REQUIRED WORK >> Could you write out every record below exactly, leaving out any pictures?
(DATA SUPPLIED)
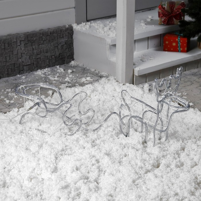 Светодиодная фигура «Олень с санями», олень: 48 × 48 × 19 см, сани: 45 × 23 × 23 см, дюралайт, 216 LED, 220 В, мерцание, свечение белое/тёплое белое
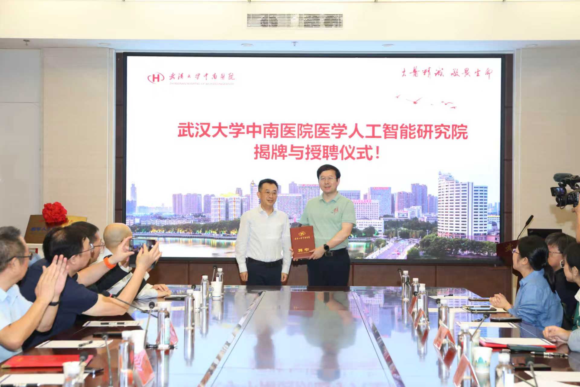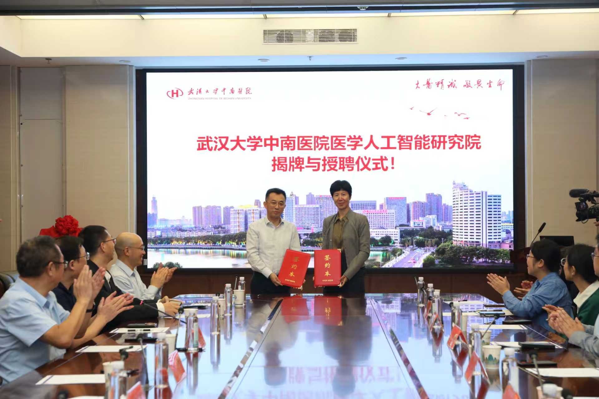 签约仪式上,刘争和边金鸾作为签约代表在合作协议上签字,并共同为医学人工智能研究院授牌。杜博被聘任为医学人工智能研究院首任院长,刘争书记为其颁发聘书。
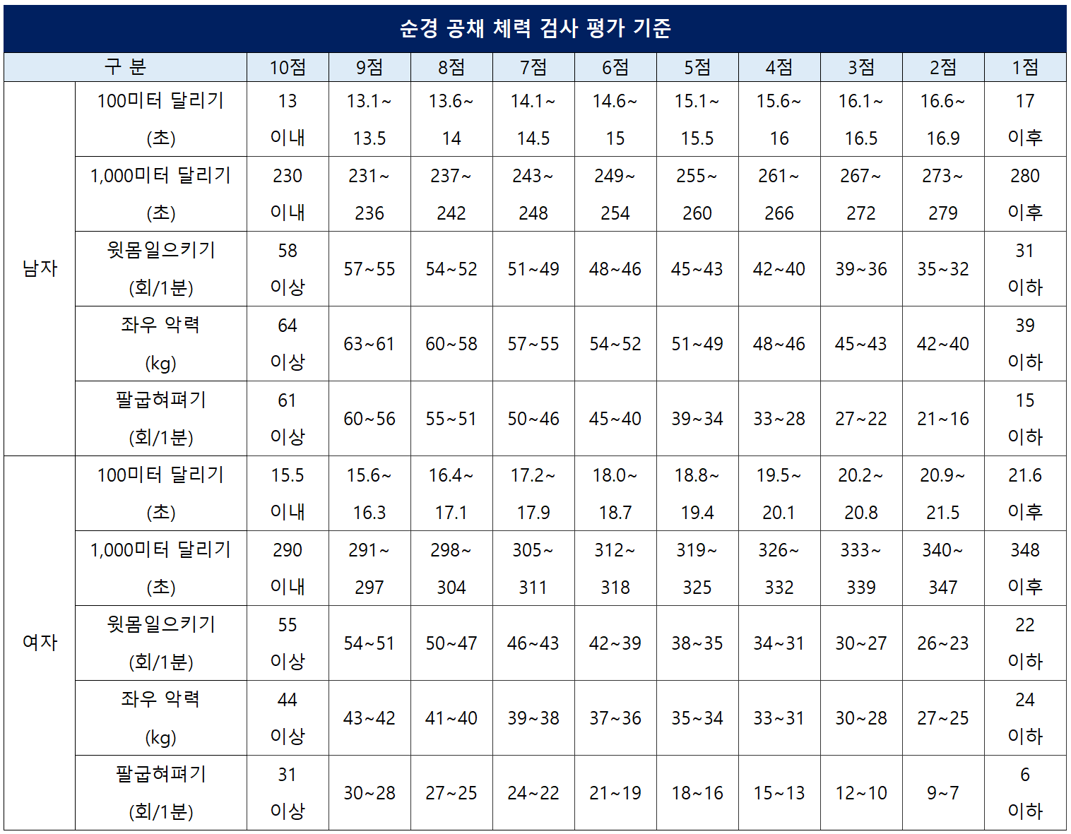 순경 공채 체력 검사는 100m 달리기, 1,000m 달리기, 윗몸일으키기, 좌우 악력, 팔굽혀펴기의 5가지 종목을 평가하는데요. 각 종목마다 평가 기준표에 따라 1점에서 10점의 점수를 부여합니다.
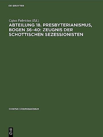 Abteilung 18. Presbyterianismus, Bogen 36–40: Zeugnis der Schottischen Sezessionisten
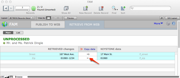 - If you want to accept some changes but not others, click on the Copy Data arrow in the row that has data you do not want to change. The arrowhead will disappear, indicating that this row should NOT be copied into your database.
(End DATA SUPPLIED)
TASK OUTPUT >>
 Светодиодная фигура «Олень с санями», олень: 48 × 48 × 19 см, сани: 45 × 23 × 23 см, дюралайт, 216 LED, 220 В, мерцание, свечение белое/тёплое белое
 签约仪式上,刘争和边金鸾作为签约代表在合作协议上签字,并共同为医学人工智能研究院授牌。杜博被聘任为医学人工智能研究院首任院长,刘争书记为其颁发聘书。
 순경 공채 체력 검사는 100m 달리기, 1,000m 달리기, 윗몸일으키기, 좌우 악력, 팔굽혀펴기의 5가지 종목을 평가하는데요. 각 종목마다 평가 기준표에 따라 1점에서 10점의 점수를 부여합니다.
 Abteilung 18. Presbyterianismus, Bogen 36–40: Zeugnis der Schottischen Sezessionisten
 - If you want to accept some changes but not others, click on the Copy Data arrow in the row that has data you do not want to change. The arrowhead will disappear, indicating that this row should NOT be copied into your database.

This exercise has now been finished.